Back in 2008, James Hutcheson (Gordon Ramsay’s estranged father) had taken a 25 year lease for the York & Albany pub in the Regent’s Park area of north London. When signing, he had put Gordon Ramsay as a personal guarantor for the tenant’s obligations to the lease and had signed this using a ghost writing machine to “forge” the celebrity’s signature. Ramsay had argued that the use of this machine was fraudulent and unauthorised so the agreement was not binding.
The owner of the freehold title to the pub and landlord of the lease is film director Gary Love. Charging an annual rent of £640,000 under the agreement, he argued that it was absurd for the guarantee to be declared void and it was merely an attempt to escape from the additional liabilities imposed.

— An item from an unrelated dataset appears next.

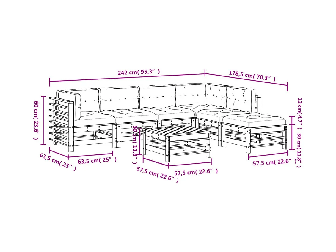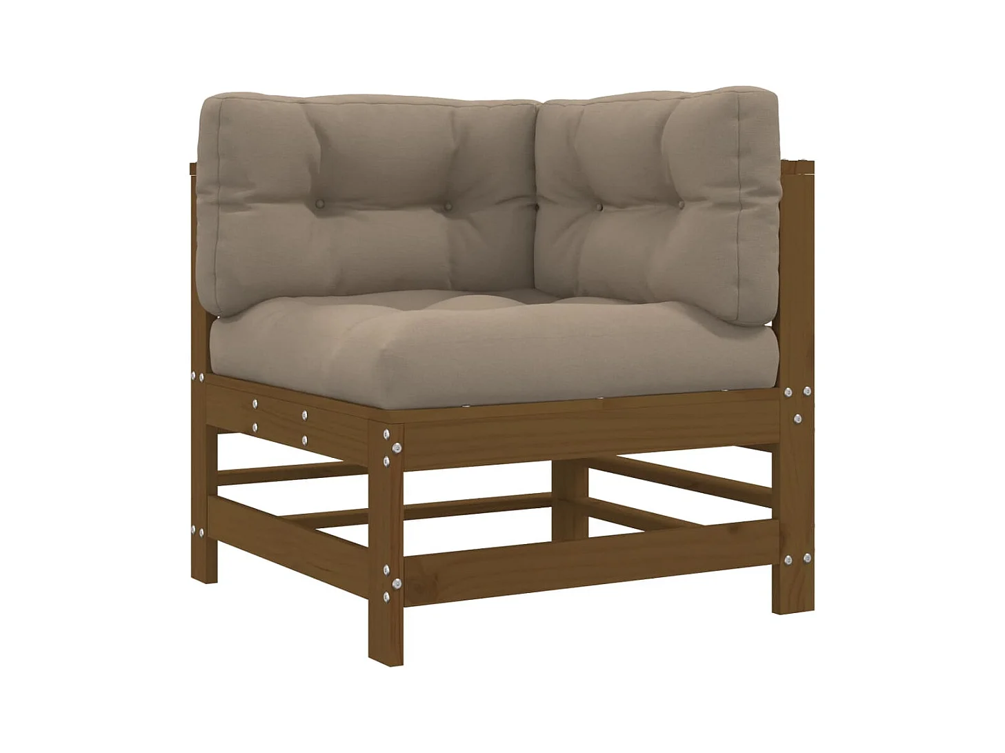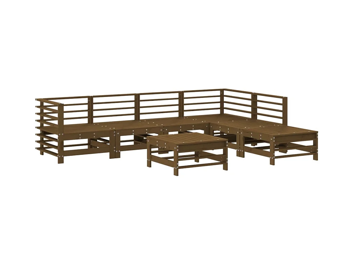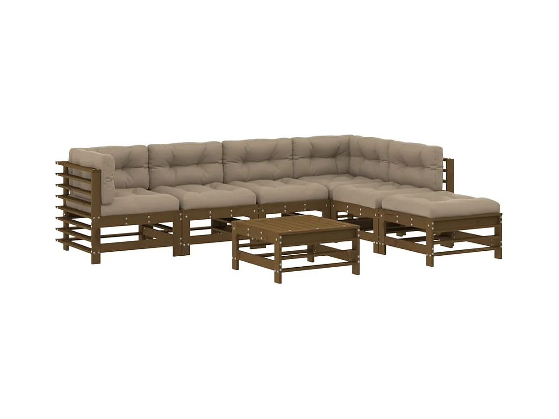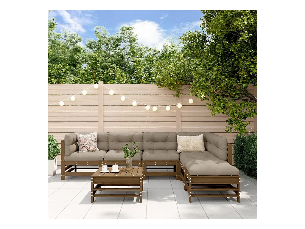 Salon de jardin 7 pièces avec coussins marron miel bois massif

James Hutcheson was, at the time of signing the lease, CEO of Gordon’s company. As part of the company at the time, a ghost writing machine was used for signing cookbooks and merchandise, or at least that is what Ramsay claims to believe…… As it turns out, it was also frequently used for the signing of legal documents and it would appear that this lease was no exception.
Justice Morgan (judge for the trial) had dismissed most of the evidence which Ramsay had put forward. He stated that Mr Hutcheson, dismissed in October 2010 for gross misconduct, had been acting at the time “within the wide general authority conferred on him” by the celebrity chef. It was discovered that the machine had been used to sign 42 different legal documents and there did not appear to be any attempt to hide its use. In addition to this, the chef actually told the court that had he been asked, he would have given the personal guarantee anyway if the business could not do this.
Whilst it would appear at first that Ramsay’s signature had been fraudulently used, it has been held that this was merely a transaction which he regretted. James Hutcheson had been acting under a general authority given to him by the chef which allowed him to bind Ramsay contractually in a range of business deals whilst he focused on other aspects of his business. This was no exception and as a result Ramsay now has to comply with his obligations as guarantor.
His “Kitchen Nightmares” and “Hotel Hell” TV programmes may always follow a similar pattern of happy-ish endings but on this occasion his “Pub Hell” ordeal will leave him facing a legal bill of over £1 million with no permission granted for appeal….. Sometimes it just doesn’t turn out like it does on TV.